▶ Directions for this task:
Everything from the line with "Отделка снаружи: Фрезерованная" down to the line with "Researchers, who captured" below must be printed exactly, those two lines included. Exclude pictures.

---+---

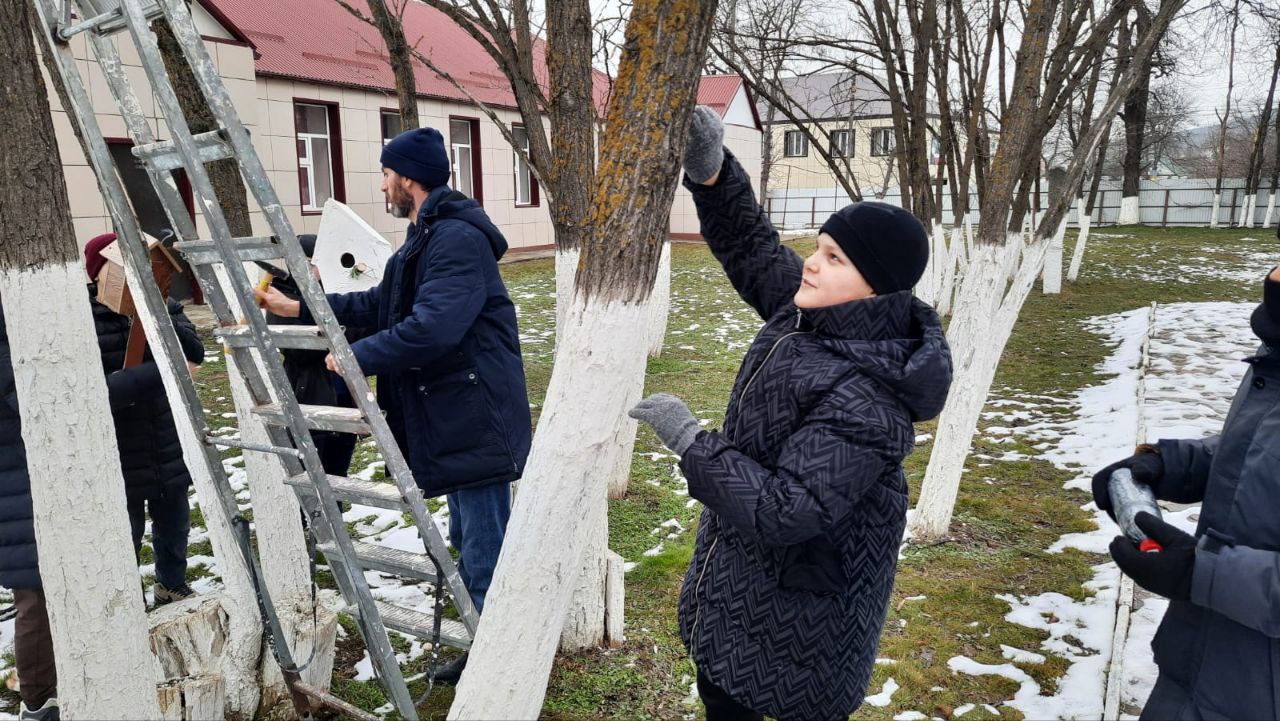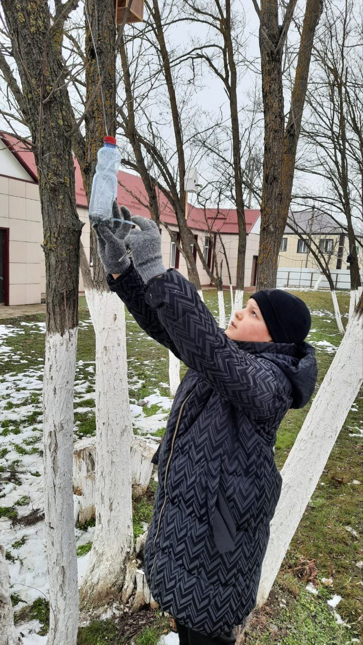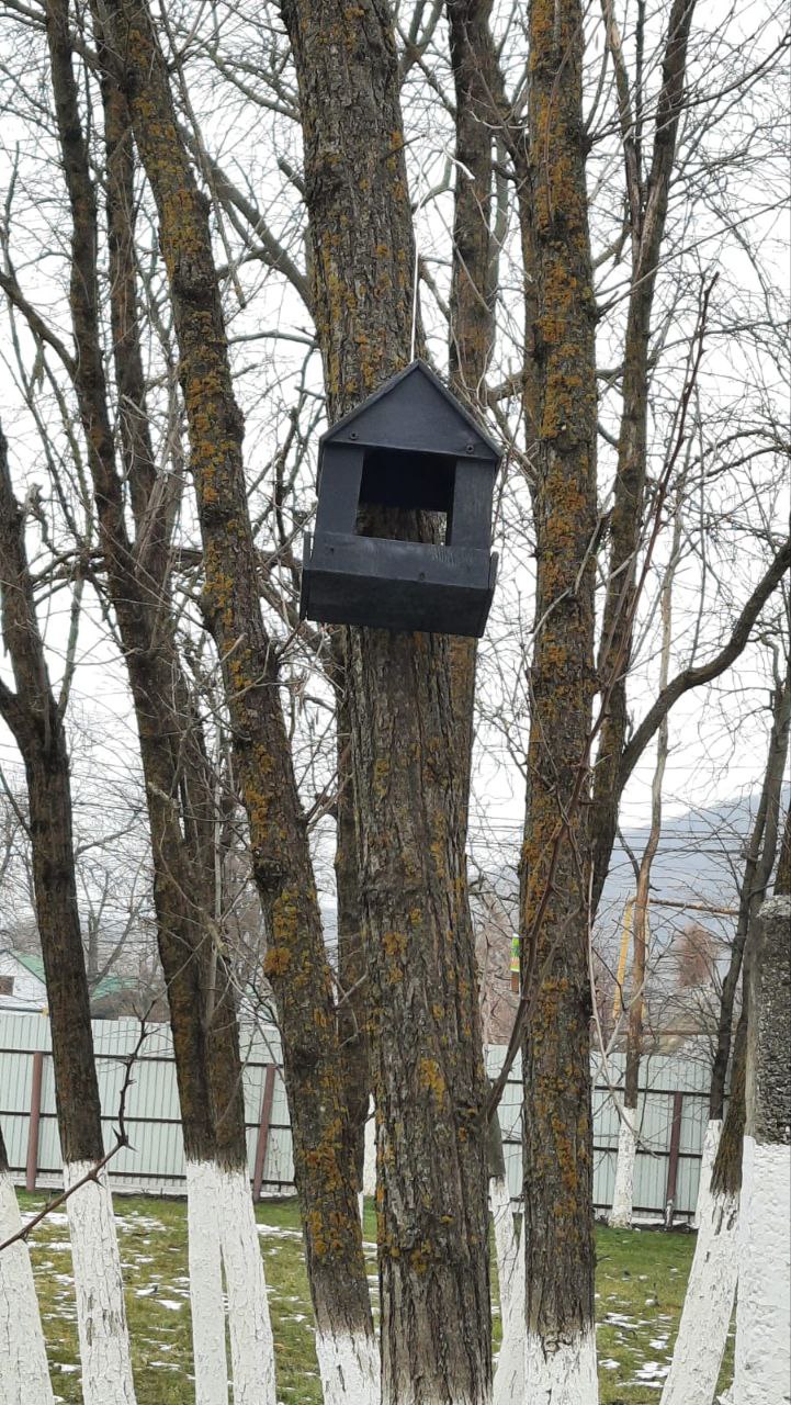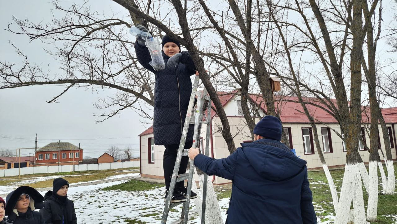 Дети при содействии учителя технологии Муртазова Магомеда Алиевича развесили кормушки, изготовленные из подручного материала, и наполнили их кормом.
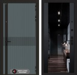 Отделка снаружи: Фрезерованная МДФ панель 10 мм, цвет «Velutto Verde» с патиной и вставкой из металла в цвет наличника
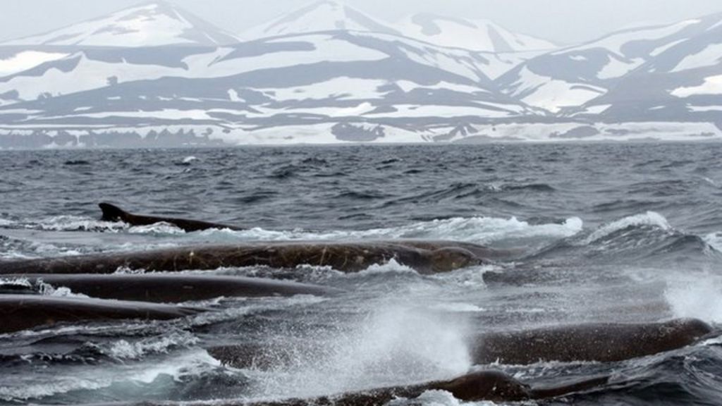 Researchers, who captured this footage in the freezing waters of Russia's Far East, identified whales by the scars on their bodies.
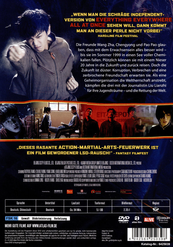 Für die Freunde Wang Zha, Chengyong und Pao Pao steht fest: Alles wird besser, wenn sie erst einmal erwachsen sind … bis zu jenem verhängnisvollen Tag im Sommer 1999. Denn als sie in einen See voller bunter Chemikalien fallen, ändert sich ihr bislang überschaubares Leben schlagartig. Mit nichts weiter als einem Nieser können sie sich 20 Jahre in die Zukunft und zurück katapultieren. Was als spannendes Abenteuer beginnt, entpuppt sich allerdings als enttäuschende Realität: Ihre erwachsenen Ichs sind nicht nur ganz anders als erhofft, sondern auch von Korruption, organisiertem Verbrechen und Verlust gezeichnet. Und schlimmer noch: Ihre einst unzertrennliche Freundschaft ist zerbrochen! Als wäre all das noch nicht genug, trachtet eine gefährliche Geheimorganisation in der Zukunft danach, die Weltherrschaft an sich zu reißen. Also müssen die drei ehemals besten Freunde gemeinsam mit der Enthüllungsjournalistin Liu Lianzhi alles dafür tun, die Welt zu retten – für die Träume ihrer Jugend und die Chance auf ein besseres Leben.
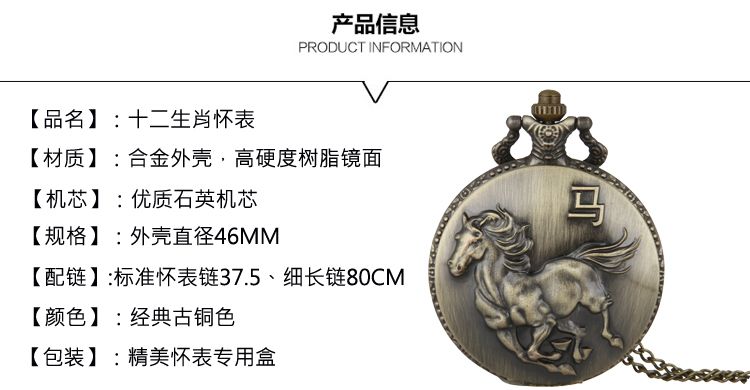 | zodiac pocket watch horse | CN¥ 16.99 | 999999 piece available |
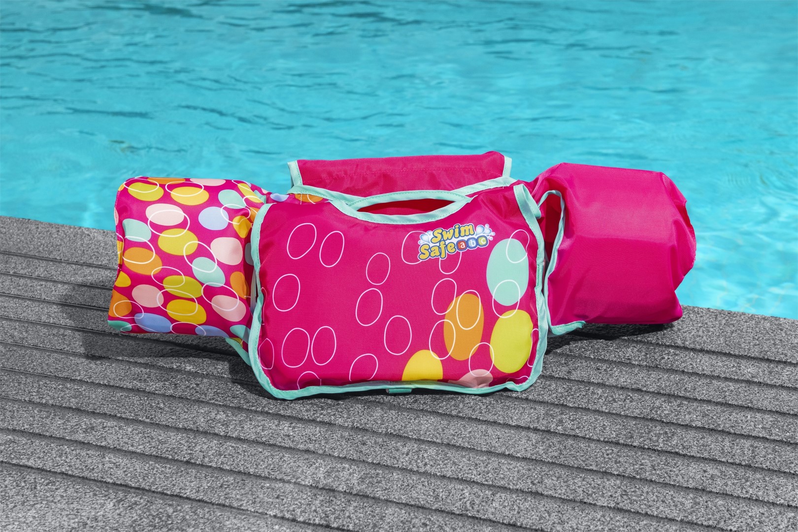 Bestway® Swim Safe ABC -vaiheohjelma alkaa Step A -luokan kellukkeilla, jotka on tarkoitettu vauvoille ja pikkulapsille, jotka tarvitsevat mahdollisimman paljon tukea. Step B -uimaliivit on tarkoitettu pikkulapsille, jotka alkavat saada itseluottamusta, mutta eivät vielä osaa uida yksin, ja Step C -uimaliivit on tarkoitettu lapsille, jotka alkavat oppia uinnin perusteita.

---+---

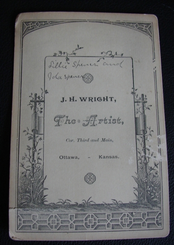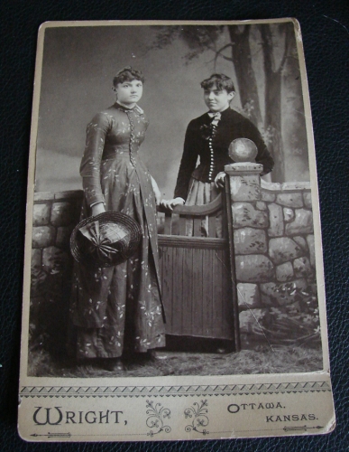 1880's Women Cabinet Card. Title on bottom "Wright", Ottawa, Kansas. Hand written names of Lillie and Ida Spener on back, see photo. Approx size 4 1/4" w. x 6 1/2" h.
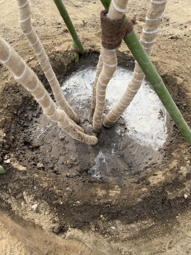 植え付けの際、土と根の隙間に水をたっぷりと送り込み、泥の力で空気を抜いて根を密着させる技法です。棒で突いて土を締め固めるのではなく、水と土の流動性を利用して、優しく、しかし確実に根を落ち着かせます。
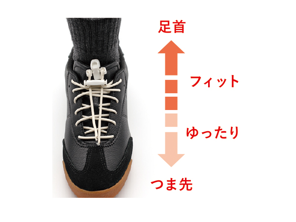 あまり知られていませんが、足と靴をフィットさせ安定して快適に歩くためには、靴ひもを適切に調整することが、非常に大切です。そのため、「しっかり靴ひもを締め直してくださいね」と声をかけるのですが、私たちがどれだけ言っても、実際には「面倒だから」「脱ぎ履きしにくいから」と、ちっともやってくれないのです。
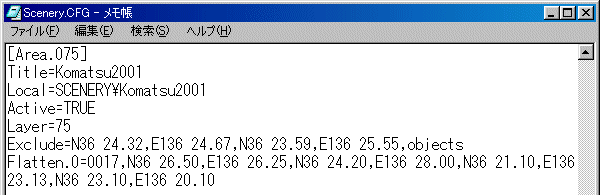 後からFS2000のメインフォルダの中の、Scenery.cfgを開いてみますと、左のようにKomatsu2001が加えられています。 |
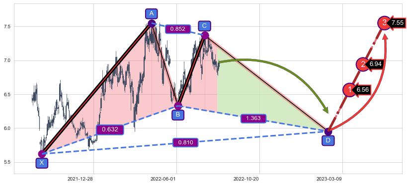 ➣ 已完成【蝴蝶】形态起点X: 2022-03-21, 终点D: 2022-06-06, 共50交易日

---+---

▶ Problem solution:
 Отделка снаружи: Фрезерованная МДФ панель 10 мм, цвет «Velutto Verde» с патиной и вставкой из металла в цвет наличника
 Researchers, who captured this footage in the freezing waters of Russia's Far East, identified whales by the scars on their bodies.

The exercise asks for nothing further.